Ren Yuandao (任援道 (Rén Yuándào, Jen Yüan-tao), 1890–1980) was a Chinese general of the Republic of China, who held military posts in the collaborationist Reformed Government of the Republic of China and later the Wang Jingwei Government during the Second Sino-Japanese War.

== Biography ==
Ren Yuandao was born in the Jiangsu Province during the late Qing dynasty. He joined the Beiyang Army and studied a military academy in Japan before the Xinhai Revolution broke out in 1911. Ren later served in the National Revolutionary Army and also held some administrative positions in the Nationalist government. He commanded the garrison in the Beijing-Tianjin area during the 1930s, and after gathering 10,000 men and three torpedo boats, he defected to the pro-Japanese Reformed Government of the Republic of China under Liang Hongzhi. Despite joining Wang Jingwei's Reorganized National Government in Nanjing in 1939–40, Ren maintained contacts with the Nationalist intelligence agency and provided them with information. During his time with the Wang Jingwei regime he held the post of Minister of the Navy from 1940 to 1945 (acting, 1940–42). He was also a member of the National Military Council (1940–42) and the governor of the Jiangsu Province (1944–45).

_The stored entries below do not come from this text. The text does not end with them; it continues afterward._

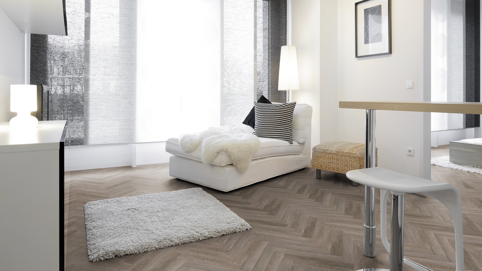 Aktuell und stylisch präsentiert sich der Bodenbelag der Herringbone Kollektion von PROJECT FLOORS im angesagten Fischgrät Muster. Diese Kollektion bietet dir die Wahl aus 10 Dekoren, präsentiert auf kleinen Planken im Format 457x76 mm. Diese lassen sich nicht nur klassisch im Fischgrät Muster, sondern auch im modernen Leiterboden oder im zeitlosen Holzblock Muster verlegen.
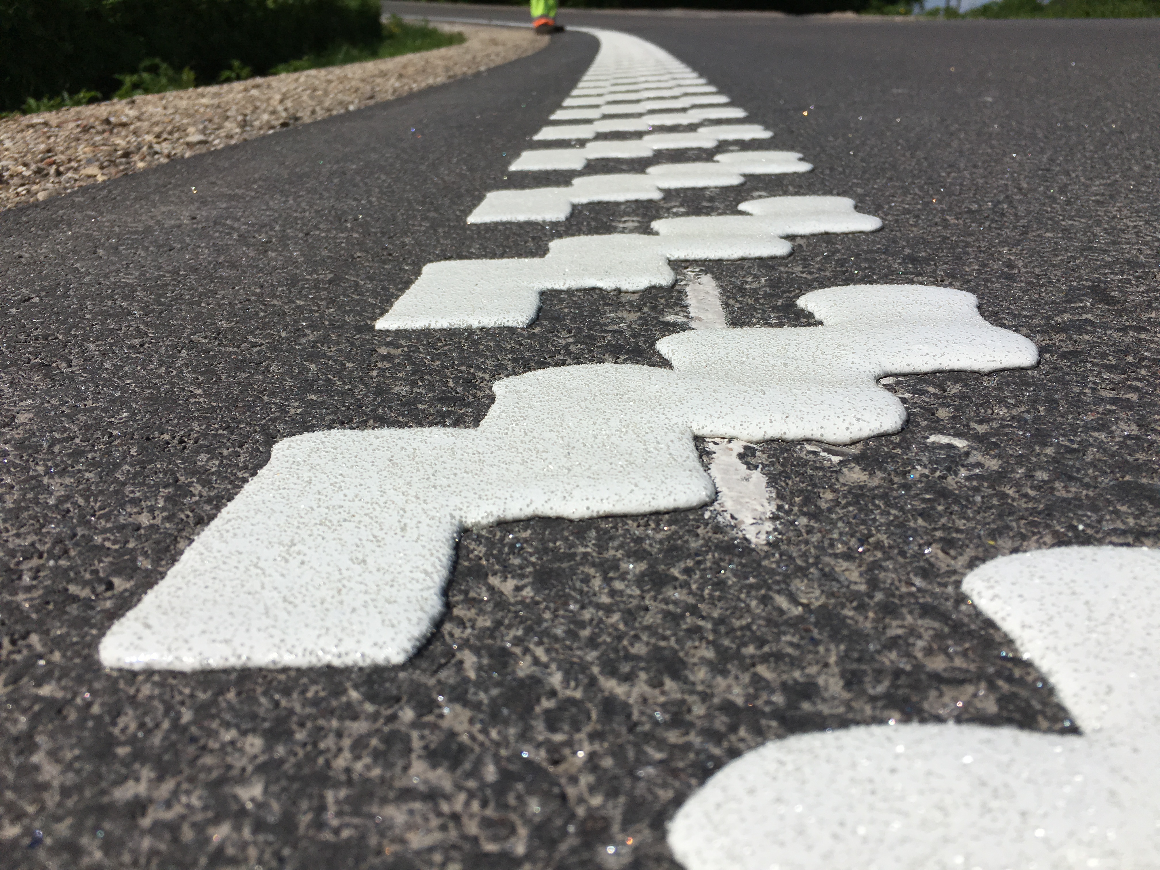 Les régions froides sont confrontées à des défis en matière de marquage routier. Pour les relever, il faut tenir compte d’un facteur majeur : le choix du bon matériau de marquage ! Il est crucial d’utiliser des matériaux dotés d’une certaine flexibilité face au froid pour les marquages routiers. Le matériau doit être flexible en cas de températures basses afin qu’il ne soit pas abîmé de manière excessive par le passage des pneus cloutés et des chasse-neige. Cependant, il doit aussi présenter une dureté suffisante durant la saison estivale chaude pour éviter les déformations et l’empreinte des pneus.
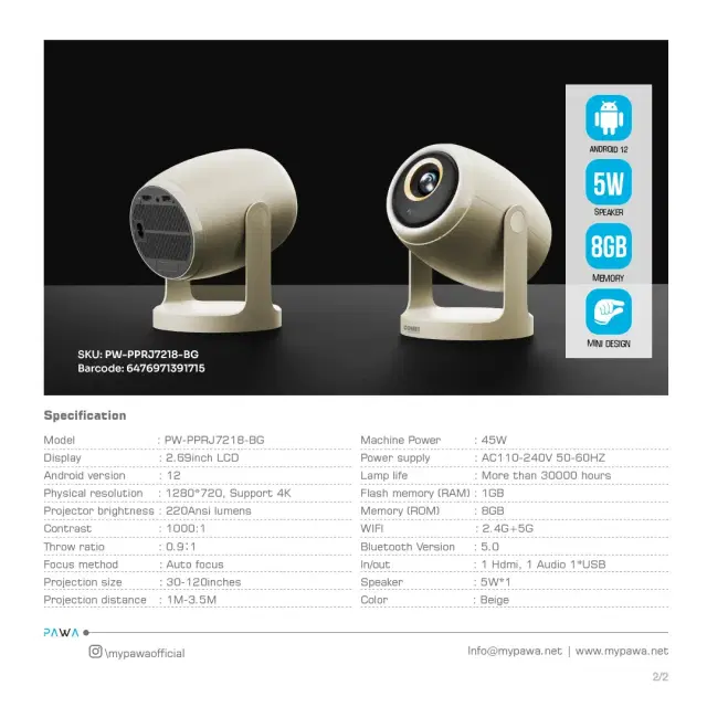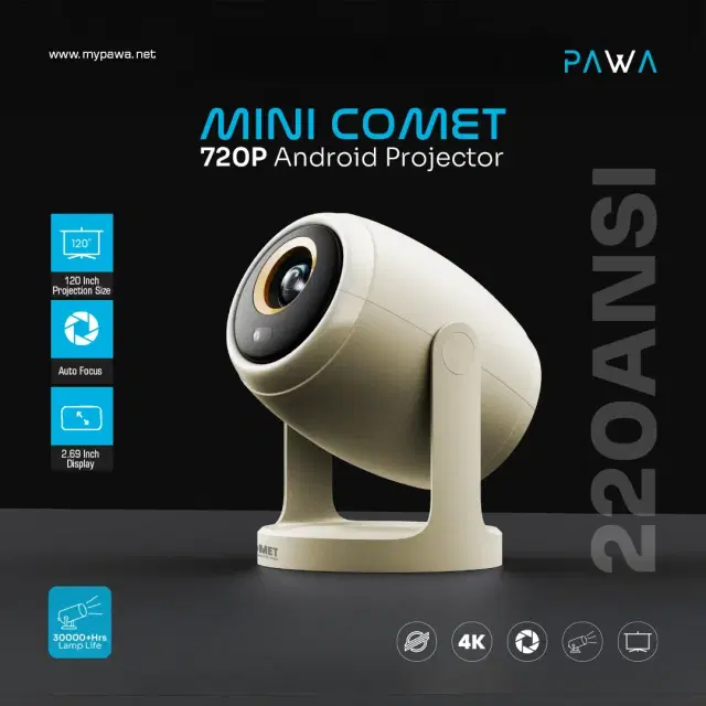 Pawa PW-PPRJ7218-BG Mini Comet Android Projector with 220ANSI Lumens

His forces were organized as the 1st Front Army, and consisted of about 20,000 men. They were considered to be some of the Nanjing regime's most reliable troops.

After the war, he fled to British Hong Kong, and later escaped to Canada in 1949. Ren died there in 1980.

== Sources ==

=== Literature ===
- Barret, David. Chinese Collaboration with Japan, 1932-1945: The Limits of Accommodation. Stanford University Press, 2002.